I think he may be thinking of conditions as a result of Irene coming through. I don't think you'll have much of a problem with the trails. I hiked in the Southern Taconics (AT from CT Route 41 over Bear Mtn into MA, through Sages Ravine, over Mt. Race, and down Race Brook Falls trail back to Rt. 41,) a week ago and found nothing in the form of blowdown or washed out trail issues. I'd say it is a go.


----------



## skizilla (Nov 14, 2011)

I am leading a group hike for the AMC so i do not want it to be a bear and or dangerrous for the group.  I live in northern central ct and the tree damage here is substancial.  There are parts of the metacomet in the farmington valley that are almost impassable and there are lots of widow makers.  I just assume wait till winter snow storms and winds bring them down and start fresh in the spring.  I did hike sandeson today though and it is remarkably untouched.


----------



## Hado226 (Nov 15, 2011)

Wouldn't it be novel for an AMC hike to set out into potentially weather impacted areas with pocket saws, work gloves and loppers and remedy any issues they encounter.  

That's par for the course for mountain bikers...


----------



## bzrperfspec77 (Nov 15, 2011)

Hado226 said:


> Wouldn't it be novel for an AMC hike to set out into potentially weather impacted areas with pocket saws, work gloves and loppers and remedy any issues they encounter.
> 
> That's par for the course for mountain bikers...



It should be par for the course with any trail user.
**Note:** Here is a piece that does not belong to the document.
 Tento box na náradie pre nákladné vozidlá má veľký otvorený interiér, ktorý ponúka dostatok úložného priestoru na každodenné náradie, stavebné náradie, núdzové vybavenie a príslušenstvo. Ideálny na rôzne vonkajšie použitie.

As an active member of NETRA and BTR, We clean many, many, many, many trails that are used by multi-user groups.


----------



## Hado226 (Nov 15, 2011)

bzrperfspec77 said:


> It should be par for the course with any trail user. As an active member of NETRA and BTR, We clean many, many, many, many trails that are used by multi-user groups.


 Agreed.  You guys and the SAMs are pretty good about maintenance...  I was poking a stick at the trail elitists.


----------



## bzrperfspec77 (Nov 15, 2011)

Hado226 said:


> Agreed.  You guys and the SAMs are pretty good about maintenance...  I was poking a stick at the trail elitists.
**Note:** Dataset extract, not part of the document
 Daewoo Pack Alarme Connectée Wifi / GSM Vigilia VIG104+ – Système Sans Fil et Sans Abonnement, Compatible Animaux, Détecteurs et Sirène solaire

:beer: Thanks! To keep any and all trails open, we all have to work together.


----------



## Gnarcissaro (Nov 15, 2011)

Hado226 said:


> Agreed.  You guys and the SAMs are pretty good about maintenance...  I was poking a stick at the trail elitists.
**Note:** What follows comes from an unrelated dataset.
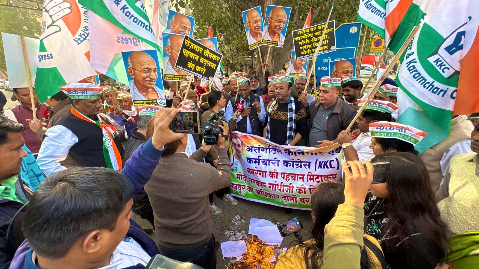 नई दिल्ली, 17 दिसंबर, 2025. मनरेगा खत्म करने की 'साजिश' के खिलाफ असंगठित कामगार एवं कर्मचारी कांग्रेस (केकेसी) द्वारा दिल्ली के कृषि भवन पर ...

Trail elitists? Are you referring to the AMC?


----------



## Hado226 (Nov 16, 2011)

Gnarcissaro said:


> Trail elitists? Are you referring to the AMC?



The organization NO, many of its members Yes.  Those who advocate for single use trails and tracts of forest are by definition elitists.


----------



## skizilla (Nov 17, 2011)

*AMC maintenance*

I am amc and I do maintenance and will be bringing a saw for what remains of  tree damage.  AMC does a ton of work on trails...a ton.  I do agree that it as an organization as well as many other organizations need to be more open to other trail users and their needs and they need to share.  While certain sections of trail are not proper for mounatin bikes or horses and definately not motor vehicles many sections are completely appropriate and should be shared and would benefit from additional users.  Mountain biking does very little damage to trails relaively and all but the steepest and rcokiest are appropriate for bikes in my opinion..  Other trail snobs in ct are steep rock preserve, audobon, mclean game refuge, and white memorial.  All these places have very little to no mountain biking allowed and should permit it where appropriate.  Oh yeah trustess of reservations is also annoying that way as well.  I think any federal wilderness area may restrict as well. So it is not just us amc people.


----------